— The data —
= = = =

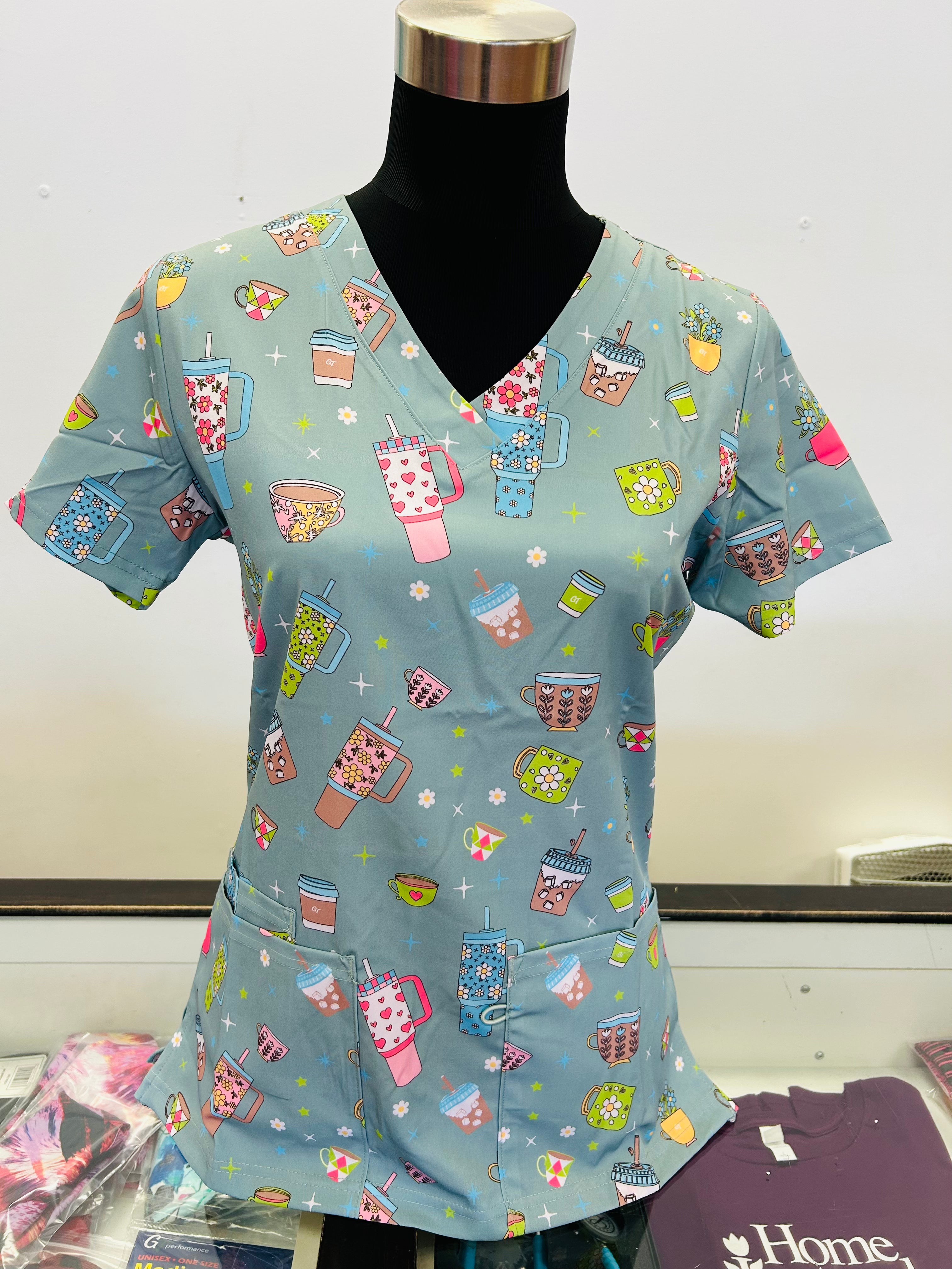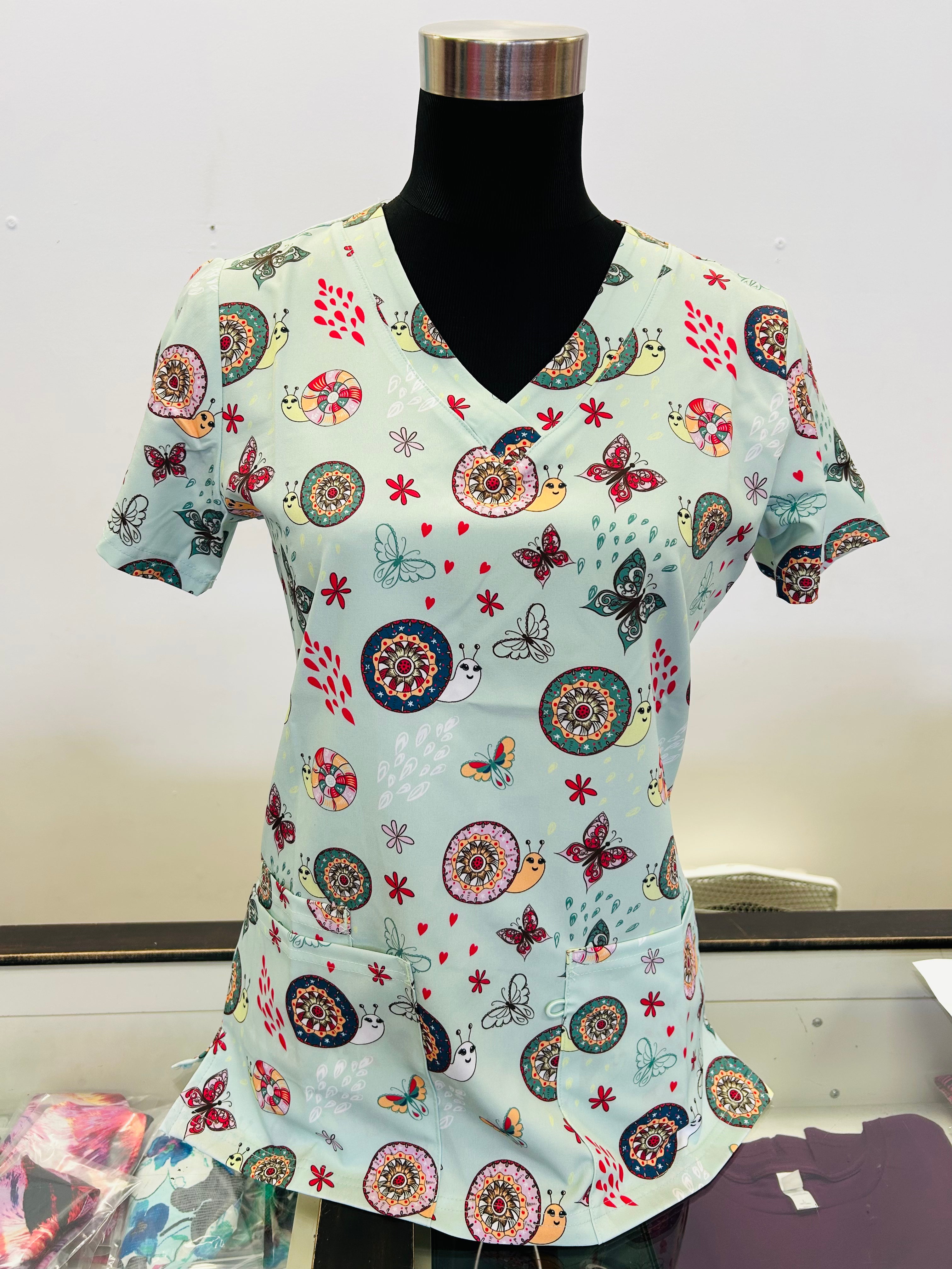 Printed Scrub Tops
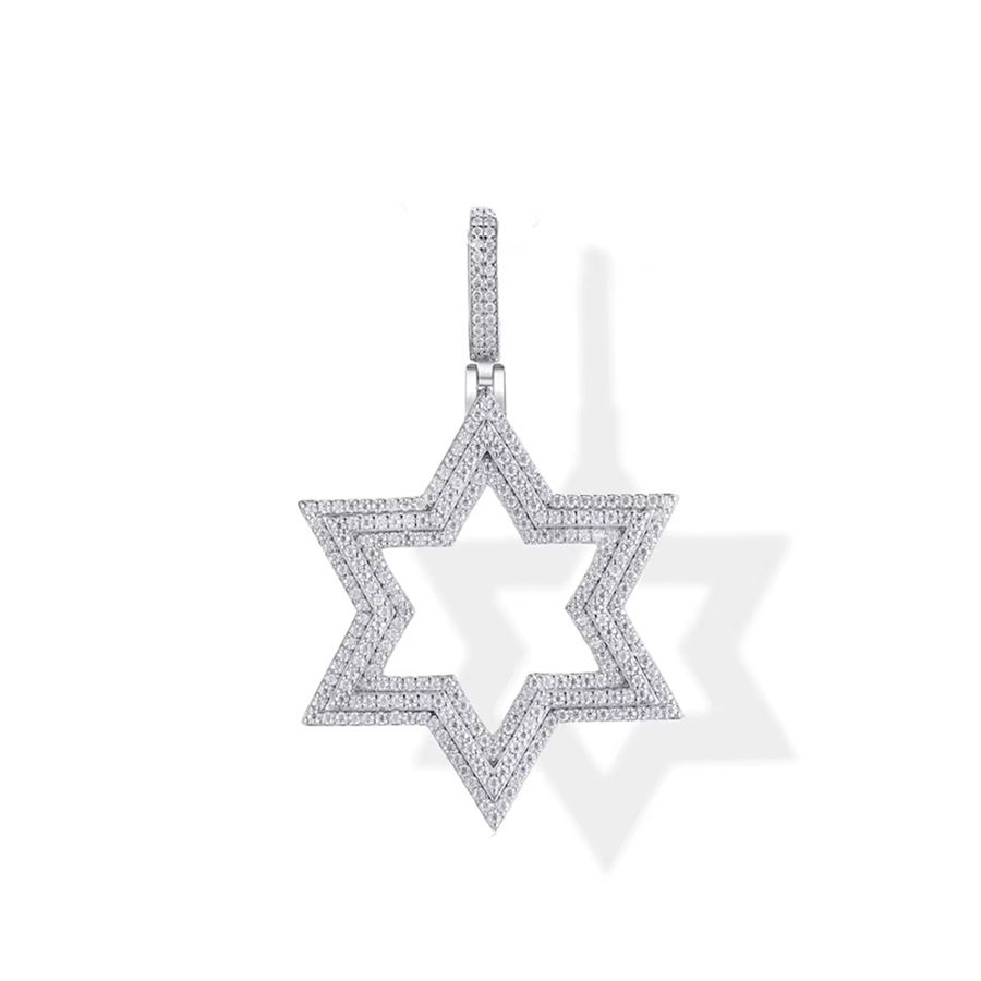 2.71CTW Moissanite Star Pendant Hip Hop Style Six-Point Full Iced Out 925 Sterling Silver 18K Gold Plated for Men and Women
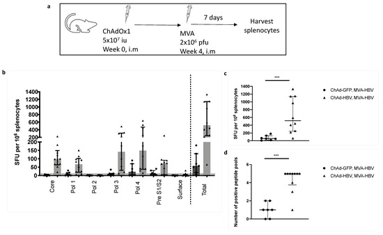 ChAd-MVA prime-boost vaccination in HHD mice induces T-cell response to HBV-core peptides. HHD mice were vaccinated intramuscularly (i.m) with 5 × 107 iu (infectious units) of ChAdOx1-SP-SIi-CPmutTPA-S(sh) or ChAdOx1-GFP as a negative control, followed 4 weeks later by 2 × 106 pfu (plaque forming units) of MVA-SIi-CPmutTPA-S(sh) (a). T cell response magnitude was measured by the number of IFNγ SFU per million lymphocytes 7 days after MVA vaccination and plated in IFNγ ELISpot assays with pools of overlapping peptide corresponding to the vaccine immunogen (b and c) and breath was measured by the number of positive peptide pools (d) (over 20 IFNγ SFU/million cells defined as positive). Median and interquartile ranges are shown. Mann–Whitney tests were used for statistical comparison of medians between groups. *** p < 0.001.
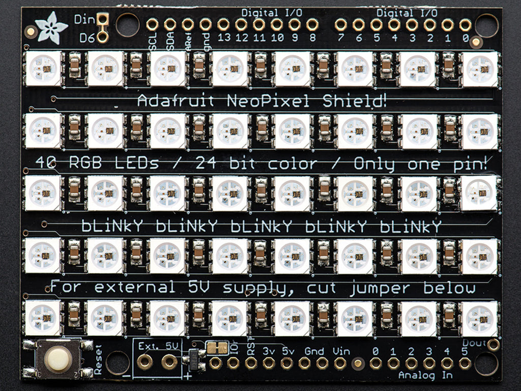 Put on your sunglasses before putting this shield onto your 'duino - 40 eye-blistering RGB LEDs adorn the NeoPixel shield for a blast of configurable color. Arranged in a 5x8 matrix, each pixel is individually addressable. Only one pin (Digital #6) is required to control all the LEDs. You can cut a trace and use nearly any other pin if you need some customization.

= = = =

— Directions —
The required output is the listing above reproduced exactly, pictures removed.

— Task answer —
 Printed Scrub Tops
 2.71CTW Moissanite Star Pendant Hip Hop Style Six-Point Full Iced Out 925 Sterling Silver 18K Gold Plated for Men and Women
 ChAd-MVA prime-boost vaccination in HHD mice induces T-cell response to HBV-core peptides. HHD mice were vaccinated intramuscularly (i.m) with 5 × 107 iu (infectious units) of ChAdOx1-SP-SIi-CPmutTPA-S(sh) or ChAdOx1-GFP as a negative control, followed 4 weeks later by 2 × 106 pfu (plaque forming units) of MVA-SIi-CPmutTPA-S(sh) (a). T cell response magnitude was measured by the number of IFNγ SFU per million lymphocytes 7 days after MVA vaccination and plated in IFNγ ELISpot assays with pools of overlapping peptide corresponding to the vaccine immunogen (b and c) and breath was measured by the number of positive peptide pools (d) (over 20 IFNγ SFU/million cells defined as positive). Median and interquartile ranges are shown. Mann–Whitney tests were used for statistical comparison of medians between groups. *** p < 0.001.
 Put on your sunglasses before putting this shield onto your 'duino - 40 eye-blistering RGB LEDs adorn the NeoPixel shield for a blast of configurable color. Arranged in a 5x8 matrix, each pixel is individually addressable. Only one pin (Digital #6) is required to control all the LEDs. You can cut a trace and use nearly any other pin if you need some customization.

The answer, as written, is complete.